2021-12-08 10:55毛茅葉永根雷國偉舒鵬飛馮玉靈
浙江實用醫學 2021年3期
關鍵詞:分支主動脈覆膜

毛茅,葉永根,雷國偉,舒鵬飛,馮玉靈

(麗水市人民醫院,浙江 麗水 323000)

急性Stanford B型主動脈夾層(TBAD)需要盡早干預,避免出現主動脈破裂或灌注不良綜合征等并發癥。一般胸主動脈腔內修復術(TEVAR)因其成功率高、術后恢復快使短期治療效果顯著,成為TBAD首選的有創治療手段[1],但術后隨訪存在較多的并發癥和較高的死亡率,治療效果并不理想[2]。Sobocinski等[3]對比支架復合裝置與單純TEVAR治療TBAD的療效,采用支架復合裝置者術后早期腹主動脈的真實管腔容積增加,提示動態灌注不良患者中額外裸支架植入可能有更好的早期效果。本研究將支架復合裝置應用于急性TBAD伴分支血管灌注不良患者中,分析其應用價值。

1 資料與方法

1.1 一般資料 回顧性選擇2012年8月-2020年8月本院收治的急性TBAD合并分支血管灌注不良患者 120例。 納入標準:(1)年齡≥18 歲;(2)經主動脈CT血管成像技術(CTA)確診,且發病至入院時間<14天;(3)存在動脈分支血管灌注不良;(4)既往無主動脈手術、胸部手術或胸部創傷史。
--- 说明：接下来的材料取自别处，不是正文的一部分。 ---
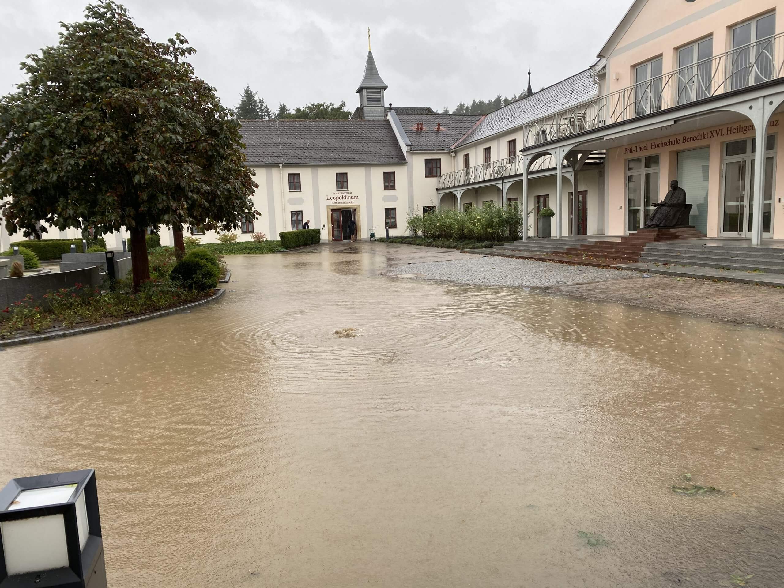 Das Hochwasser, das ganz Österreich in diesen Tagen heimsucht, hat auch die Hochschule, das Priesterseminar Leopoldinum, das Janos-Brenner-Studentenheim und die Katharinenkapelle sehr stark getroffen. Die Montagsmesse wird in den kommenden Wochen aus der Kreuzkirche übertragen werden, da die Katharinenkapelle nicht nutzbar ist. Besonders im Leopoldinum sind große Schäden entstanden: das Haus stand eine Zeit lang komplett unter Wasser. Gott sei Dank sind keine Personen zu Schaden gekommen. Da kommt in den kommenden Wochen viel auf uns zu. Danke allen für die Verbundenheit!

排除標準:(1)合并感染性疾病、慢阻肺及惡性腫瘤等嚴重疾病者;(2)合并嚴重心功能不全者:(3)患有結締組織疾病或家族遺傳病史;(4)有外傷性夾層或醫源性夾層者;(5)臨床資料不全者。按照患者意愿選擇植入覆膜支架或復合裝置支架,同時按支架類型將患者分為覆膜支架組52例與復合裝置組68例,兩組一般資料比較差異均無統計學意義(P>0.05),詳見表1。本研究經醫學倫理委員會審批通過且患者知情同意。

表1 兩組一般資料比較

1.2 方法 兩組術前均行主動脈CTA檢查,確定夾層破口具體位置及詳細解剖形態,并根據具體情況判斷是否同期行分支血管腔內重建術等。

1.2.1 覆膜支架組 采用單純TEVAR治療?;颊咂脚P位,行局部麻醉加強化麻醉,常規右側股動脈入路,按照近端錨定區真腔具體直徑值選擇支架直徑,通過22F動脈鞘導入支架輸送系統,選擇大于錨定區主動脈直徑10%~20%的胸主動脈覆膜支架(美國Cook Medical公司生產)植入,長度約為15~20cm,支架釋放時需注意患者收縮壓應在80-100mmHg(1mmHg=0.133kPa),完成釋放操作后需確保近端支架與主動脈壁貼合緊密。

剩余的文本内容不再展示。